You see, these pictures were taken right was we headed out to the hospital shortly after my water broke.  We had no idea how much our lives would change in a few hours.  

We packed minimally for what we assumed would be a routine delivery. We had no idea it would be over 3 weeks before we brought our son home (and before we came back home).

We were nervous, excited, anxious...all of the thoughts new parents-to-be have.  

If you're new to our journey, we did not know Connor would be born with the issues we had.  We were told to expect a healthy 7-7.5 lb. baby boy.  Our world was rocked to its core the next morning.  

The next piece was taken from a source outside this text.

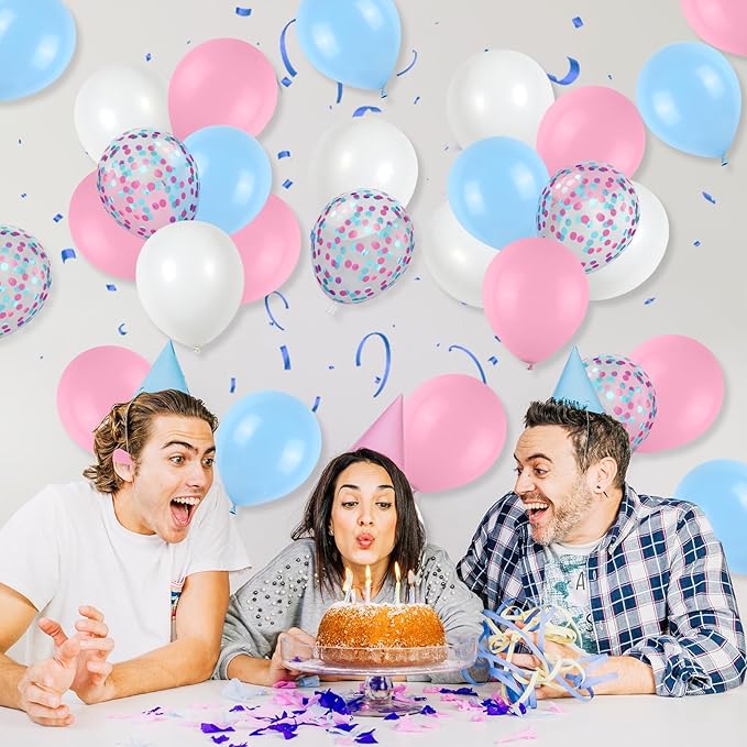 - 12 Inch blue and pink balloons: Package content includes 9 pcs blue balloons, 5 pcs confetti blue pink balloons, 9 pcs pink balloons,7 pcs white balloons, a balloon ribbon.The color combination meets all your party imagination.

Those expectations of a routine labor and delivery?  Totally out the window.  If you had that experience, be grateful for it.  It is unbelievably difficult to leave the hospital without your child.  

It is painful to watch your son be loaded and sent off to a totally different hospital for their amazing services.  



It is challenging to juggle holding an infant with wires, probes, and monitors attached to his body.

Even though our experience was not at all how we expected, I am grateful for it.  I am grateful for the medical technology available that helped us and my son.  I am grateful we, and our parents, live so close to MUSC.  I am grateful to know that we've gotten through tough things before.

Twinge of Sadness
While I am a pretty positive and upbeat person (hello cheerleader Bonnie!), there are definitely times and moments where I can be sad.  There are obvious ones, like today when I reflect on how different things are than what I thought they would be, but there are also times where it hits out of nowhere.

Changing his sheets and seeing the sporty dogs.  Knowing that Connor's body currently won't let him do the things most boys his age do.

Realizing earlier this school year that if things were different, Connor would be at my school in CD.

Seeing things like 'babies don't keep,' 'please don't grow up,' etc.  I know that no parents mean these things and that all parents wish their little ones could stay little forever, but please embrace the life changes that are happening.  I'll get to this a little more with my last one...

Sorrow for his Struggles
He doesn't realize that he's got it way tougher than most kids.

He doesn't realize that other kids can do things he can't (for this, I am grateful.  I am so, so, so very grateful that he doesn't realize he's "different"...he just does his own Connor thing.)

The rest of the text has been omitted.